B. Joinder of Issue. In response to the clerk's first motion to dismiss, on April 27, 1989, Mr. Polello filed an answer and defenses to Mr. Knapp's counterclaim. Issues of law and fact were thus joined on April 27, 1989. Although on July 23, 1990, Mr. Polello filed another answer without leave of court in order to avoid a second clerk's motion to dismiss, the case was at issue on April 27, 1989. Since the CR 41(b)(1) hearing took place on July 26, 1991, the matter had been at issue for more than 1 year without having been noted for trial.
Even if the second answer somehow put the matter at issue when it was filed, more than 1 year would have elapsed between the filing and the hearing on the motion to dismiss ( i.e., July 23, 1990, to July 26, 1991). Although we have found no authority, the hearing date, not the date the motion is filed, determines whether 1 year has elapsed, especially since the rule gives a party the opportunity to note the matter for trial after the motion is filed and before the hearing takes place.
C. Reason for Failure To Note. Although there are similar obligations on the part of both a plaintiff and counterclaimant to dispose of litigation with reasonable diligence, Hanson, at 468, Mr.

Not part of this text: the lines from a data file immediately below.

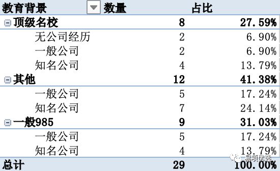 教育背景属于其他的,且没有知名公司经历的只有5人,其中4位都担任过公司高管,唯一不是高管的,是位转业军人,看照片至少是当过少校,公司已经IPO。
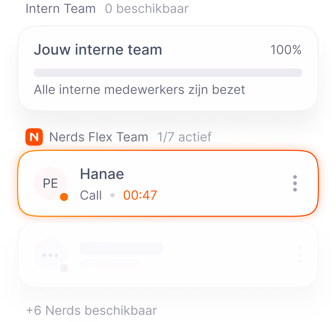 Onze Nerds vangen pieken, uitval en (tijdelijke) drukte op. We nemen calls en tickets over wanneer je eigen team niet genoeg capaciteit heeft, zodat je bereikbaarheid op peil blijft.
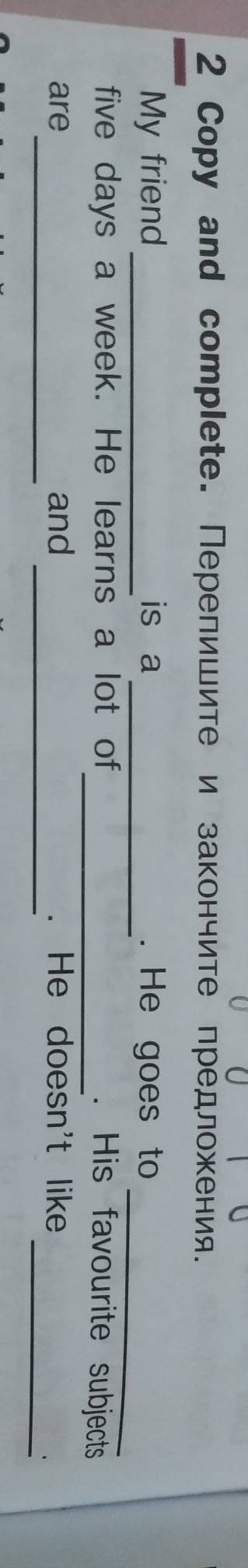 My friend Bob is a student. He goes to school five days a week. He learns a lot of new about our world. His favorite subjects is english lessons and math. He doesn't like biology.
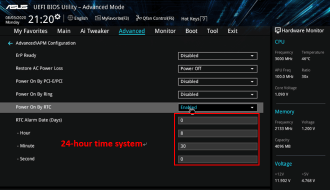步驟3:設置要喚醒設備的日子和時間。如果您希望主板每天在08:30上電動機,請按以下方式設置:
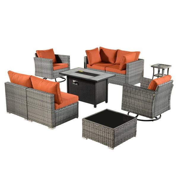 Echo 9-Piece Wicker Patio Rectangular Fire Pit Set with Orange Red Cushions and Swivel Rocking Chairs
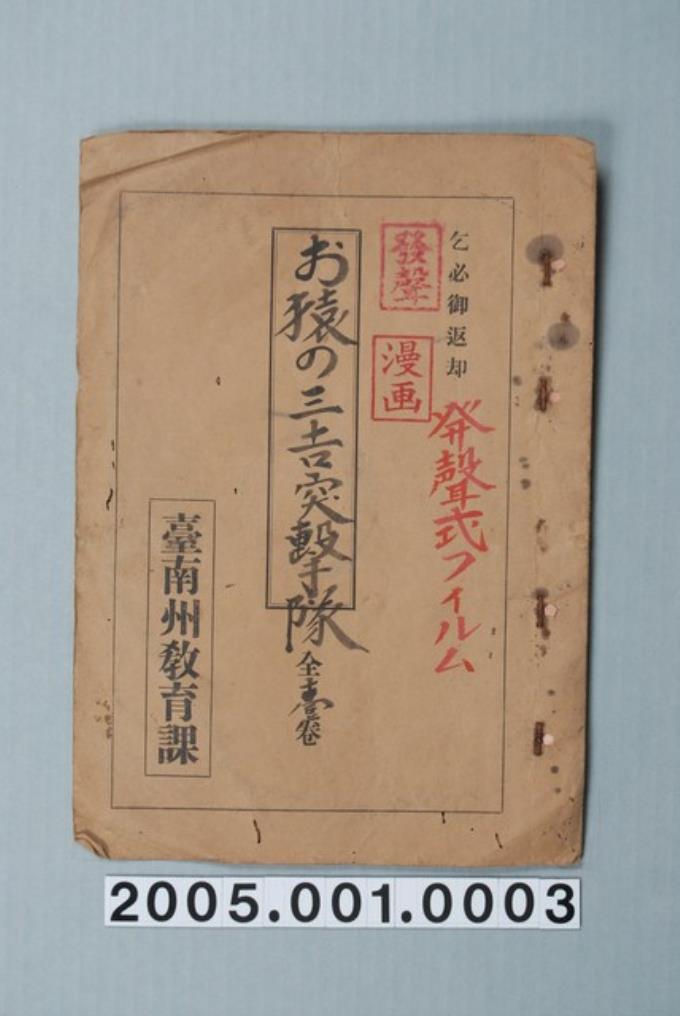 臺南州教育課核發影片「猴子三吉突擊隊」准演執照
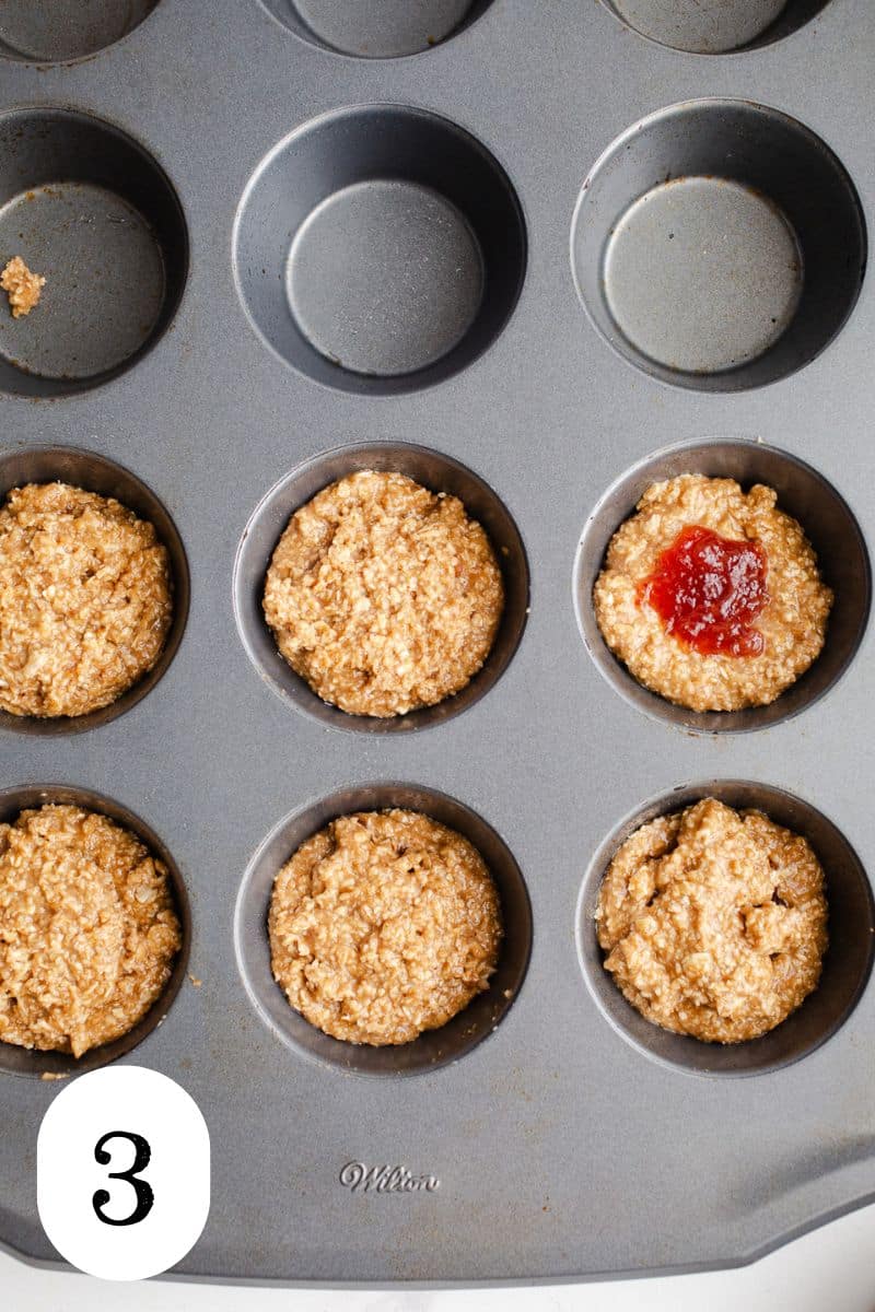 Step 3: Press half of the oat mix into the bottoms of 6 muffin cavities. Add approximately 1 teaspoon of strawberry filling to the middle of each layer.
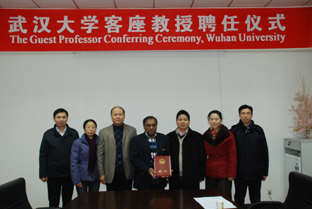 2010年12月13-15日,美国亚利桑那大学Pinnaduwa H.S.W. Kulatilake教授访问实验室并授聘为武汉大学客座教授。聘任仪式由实验室学术带头人陈胜宏教授主持,徐青博士介绍了Kulatilake教授的基本情况,武汉大学校长助理、实验室主任谈广鸣教授对Kulatilake教授的来访表示欢迎,并颁发聘书;Kulatilake教授表示,能授聘为武汉大学客座教授感到十分高兴,并考虑授聘为实验室流动研究人员,每年定期到实验室进行合作研究。访问期间,Kulatilake教授作了“三维随机岩体裂隙几何模拟:REV尺度和水力传导矩阵评估(Stochastic fracture geometry modeling in 3-D including validations and estimation of REV size and three dimensional hydraulic conductivity tensor for a fractured rock mass through discrete fracture fluid flow modeling)”学术报告,并参观了实验室。
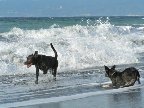 砂浜には番犬がいて飛び掛ってくるから少しだけ居て直ぐに海に戻ろう。
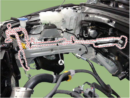 Снимите крышку машинного отделения. G 2.0 NU MPI (см. Механическая система двигателя — «Крышка двигателя») G 2.5 GDI THETA II (см. Механическая система двигателя — «Крышка двигателя») |
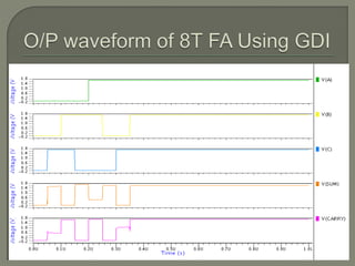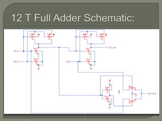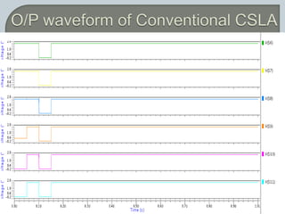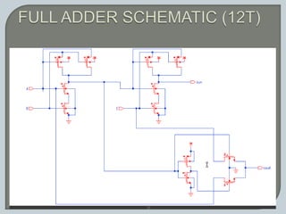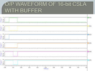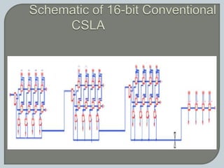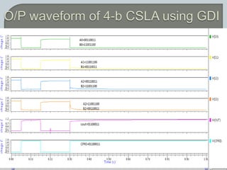 The document discusses the Carry Select Adder (CSLA), highlighting its architecture with dual Ripple Carry Adders (RCA) and multiplexers for efficient arithmetic operations. It details the implementation of low power digital designs using Gate Diffusion Input (GDI) techniques, showing comparisons in transistor count, delay, and power consumption between conventional CSLA and GDI designs. Additionally, it references various studies and conferences on advancements in low power and high-speed digital circuit designs.

Knapp did not have an obligation to note his counterclaim for hearing when Mr. Polello answered his counterclaim and informed him it had been discharged in bankruptcy. Indeed, Mr. Polello's counsel repeatedly warned Mr. Knapp in his trial court pleadings that the injunction imposed when the counterclaim was discharged would be violated if he tried to pursue it.
Since all conditions necessary for mandatory dismissal were met, the trial court erred in failing to order immediate dismissal pursuant to CR 41(b)(1).
We reverse and dismiss.
SHIELDS, C.J., and MUNSON, J., concur.